# Other analysis scripts

In [2]:
import pandas as pd
import json

In [3]:
CSV_DIR = './files/csv'

## CSV comparison

In [4]:
import csv

def compute_jaccard_similarity(file1, file2):
    """
    Check similarity between keys of two CSV files
    """
    with open(file1, 'r') as f1, open(file2, 'r') as f2:
        reader1 = csv.reader(f1)
        reader2 = csv.reader(f2)
        
        # Skip the headers
        next(reader1)
        next(reader2)
        
        # Read the first columns from both files
        column1 = [row[0] for row in reader1]
        column2 = [row[0] for row in reader2]
        
        # Compute Jaccard Similarity
        # i.e., intersection / union
        similarity = len(set(column1) & set(column2)) / len(set(column1) | set(column2))
        
        return similarity
    
def get_intersection(file1, file2):
    """
    Get intersection between keys of two CSV files
    """
    with open(file1, 'r') as f1, open(file2, 'r') as f2:
        reader1 = csv.reader(f1)
        reader2 = csv.reader(f2)

        # Skip the headers
        next(reader1)
        next(reader2)
        
        # Read the first columns from both files
        column1 = [row[0] for row in reader1]
        column2 = [row[0] for row in reader2]

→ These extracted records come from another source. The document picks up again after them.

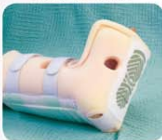
Heelift® AFO Boot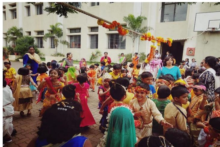
Dahi Handi celebration (2019 – 20)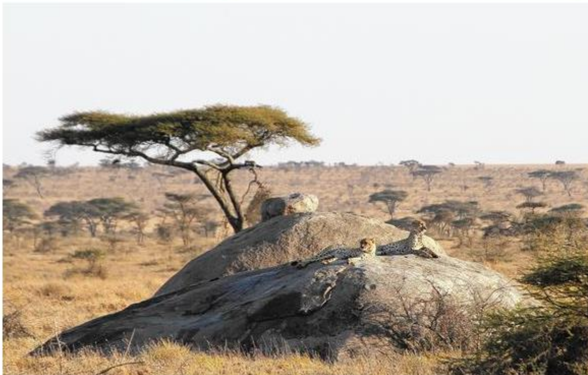
Cheetahs relaxing atop a Kopje in Namiri Plains. (Asilia Africa / September 9, 2013)

Comments Share 0 g+1 0 Tweet 0 Recommend 0

        return set(column1) & set(column2)


# Rejected > Accepted
file1_path = CSV_DIR + '/headless_more_rejected_than_accepted.csv'
file2_path = CSV_DIR + '/native_more_rejected_than_accepted.csv'
similarity_score = compute_jaccard_similarity(file1_path, file2_path)
print(f"Jaccard Similarity between Headless and Native for sites that have more Rejected > Accepted: {similarity_score}")
print(get_intersection(file1_path, file2_path))

# Rejected > No Interaction
file1_path = CSV_DIR + '/headless_more_rejected_than_no_interaction.csv'
file2_path = CSV_DIR + '/native_more_rejected_than_no_interaction.csv'
similarity_score = compute_jaccard_similarity(file1_path, file2_path)
print(f"Jaccard Similarity between Headless and Native for sites that have more Rejected > No Interaction: {similarity_score}")
print(get_intersection(file1_path, file2_path))

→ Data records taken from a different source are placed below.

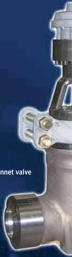
Pressure seal bonnet valve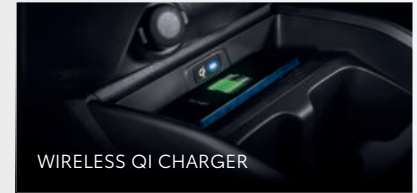
WIRELESS QI CHARGER

Another notable features, reserved mainly for premium segment cars, are the 360° view camera and Head-Up Display, designed to keep you safely in control on your journeys.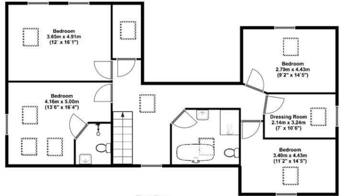
First Floor Approx 109.00 Sq meters (1173.00 Sq feet).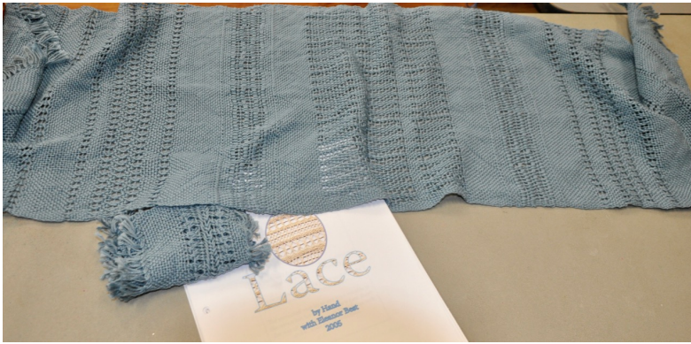
Cindy's lace sampler & Eleanor Best's lace weaving handout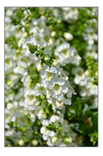
Serenita White Angelonia flowers

Serenita White Angelonia is an herbaceous annual with an upright spreading habit of growth. Its relatively fine texture sets it apart from other garden plants with less refined foliage.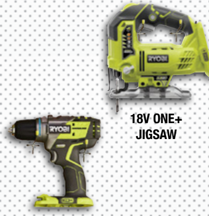
18V ONE+ DRILL DRIVER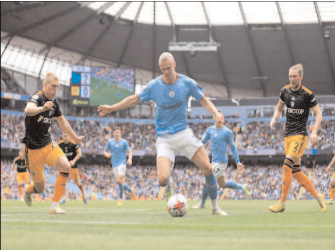
MANCHESTER: Erling Haaland of Manchester City battles with Rasmus Kristensen of Leeds United (L) during the Premier League match between Manchester City and Leeds United at Etihad Stadium.

started 1 for 9 from the field but made 11 of his final 22. "It's frustrating not making shots, because that's what I'm paid to do," Durant said. "But there also comes a time when you've just got to figure it out and push through it." Denver's Nikola Jokic — who finished second in the MVP voting on Tuesday to Philadelphia's Joel Embiid — finished with 30 points, 17 assists and 17 rebounds. Jamal Murray led the Nuggets with 32 points, while Michael Porter Jr. added 21 points and 12 rebounds. Murray said he was disappointed he didn't contribute more down the stretch. "I had some great looks at the end of the game and that would have kept us right there," Murray said. "I feel like they pulled away because of that. I have to be more locked in, more relaxed down the stretch." Denver coach Michael Malone said his team played well at times, but that the defense against Booker was "unacceptable." Booker repeatedly got near the rim for short jumpers or layups, which contributed to the 20 of 25 shooting night.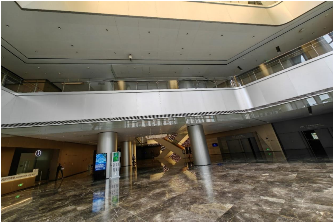
Floor 1 of the Conference Center (Primary Sponsor Display)

Jaccard Similarity between Headless and Native for sites that have more Rejected > Accepted: 0.25925925925925924
{'https://worldcat.org', 'https://bmj.com', 'https://cancer.org', 'https://match.com', 'https://amplitude.com', 'https://rackspacecloud.com', 'https://avg.com'}
Jaccard Similarity between Headless and Native for sites that have more Rejected > No Interaction: 0.6394557823129252
{'https://plos.org', 'https://mendeley.com', 'https://senderscore.com', 'https://mitre.org', 'https://esri.com', 'https://viber.com', 'https://superuser.com', 'https://tfl.gov.uk', 'https://seagate.com', 'https://imgsmail.ru', 'https://ey.com', 'https://wufoo.com', 'https://gmu.edu', 'https://serverfault.com', 'https://helpshift.com', 'https://bmj.com', 'https://kaltura.com', 'https://siteground.com', 'https://justpremium.com', 'https://truste.com', 'https://hp.com', 'https://king.com', 'https://technologyreview.com', 'https://watchguard.com', 'https://verisign.com', 'https://zend.com', 'https://algol

## Discrepancy analysis

In [5]:
def get_cookies_from_har(file):
    """
    Returns a list of cookies from an HAR file.

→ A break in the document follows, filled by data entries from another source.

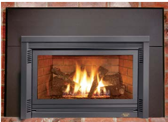
Available in 3 Sizes, Can be cut down to suit opening (3 Piece Panel)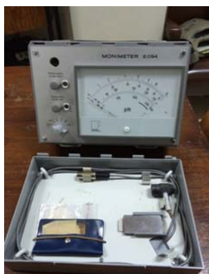
Fig. 1 - Ultrasonic instrument.

The thickness measures should be carried out in order to measure the thickness of intumescent paints applied to the protected element to check the compliance between the design and the reality. Moreover, a detailed survey of the thickness allow to group the structural elements into homogeneous categories, to simplify the assessment of the structural behavior in fire conditions. The evaluation of the thickness is regulated by the UNI EN 2808 which describes both investigation and data processing methods. Ultrasonic (Fig. 1) and optical (Fig. 2) instruments are widely used to measure the thickness. The first type has an ultrasonic transmitter and an ultrasonic receiver and the thickness of the paint is defined by measuring the propagation time of the waves through the layer to be measured. Non-invasiveness and high precision are advantages of using this instrument, but the process of instrument calibration, above all in situ, is extremely delicate. The optical instrument allows a direct measurement of the thickness practicing a slight cut on the painted element, up to reach the steel substrate. The blades are normalized and the thickness value can be read directly through a graduated microscope. The instrument is minimally invasive, and it can be considered a good tool to check the readings obtained by the ultrasonic one.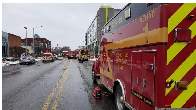
E. Main Street 2-alarm fire

house fire in Urbancrest. The cold weather moved in for the end of the month, though, resulting in four cold weather standby nights throughout the final week of December.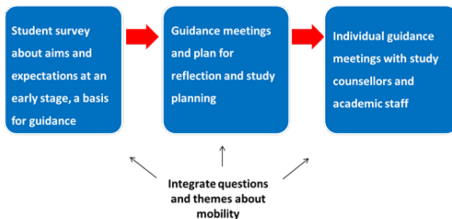
Figure 3. Proposed guidance chain

Experience from Finland shows the effectiveness of using recurring, scheduled guidance, helped by multiple functions that are responsible for guidance at the HEI. Advisory services and guidance can be conducted individually or in a group. At these meetings, plans for reflection and study planning (see below) can be produced or revised and possible student exchanges discussed.

    The HAR file should be generated using Chrome DevTools.
    `file` is the path to the HAR file.
    """

    all_cookies = []
    data = json.load(open(file, 'r'))
    for entry in data['log']['entries']:
        request = entry['request']
        
        if cookies := request.get('cookies'):
            all_cookies.extend(cookies)

    return all_cookies

def get_cookies_from_csv(file):
    """
    Returns a list of cookies from a CSV file.

    The CSV file should be generated using `get_cookies` in `analysis.ipynb`.
    `file` is the path to the CSV file.
    """

    cookies = []

    df = pd.read_csv(file)
    for index, cookie in df.iterrows():
        cookies.append({
            'name': cookie['name'],
            'domain': cookie['host'],
        })

    return cookies

def compute_cookie_similarity(cookies1, cookies2):
    """
    Check similarity between two cookie lists.

    The lists must be dictionaries with keys 'domain' and 'name'.
    """

    cookies1 = [(cookie['domain'], cookie['name']) for cookie in cookies1]
    cookies2 = [(cookie['domain'], cookie['name']) for cookie in cookies2]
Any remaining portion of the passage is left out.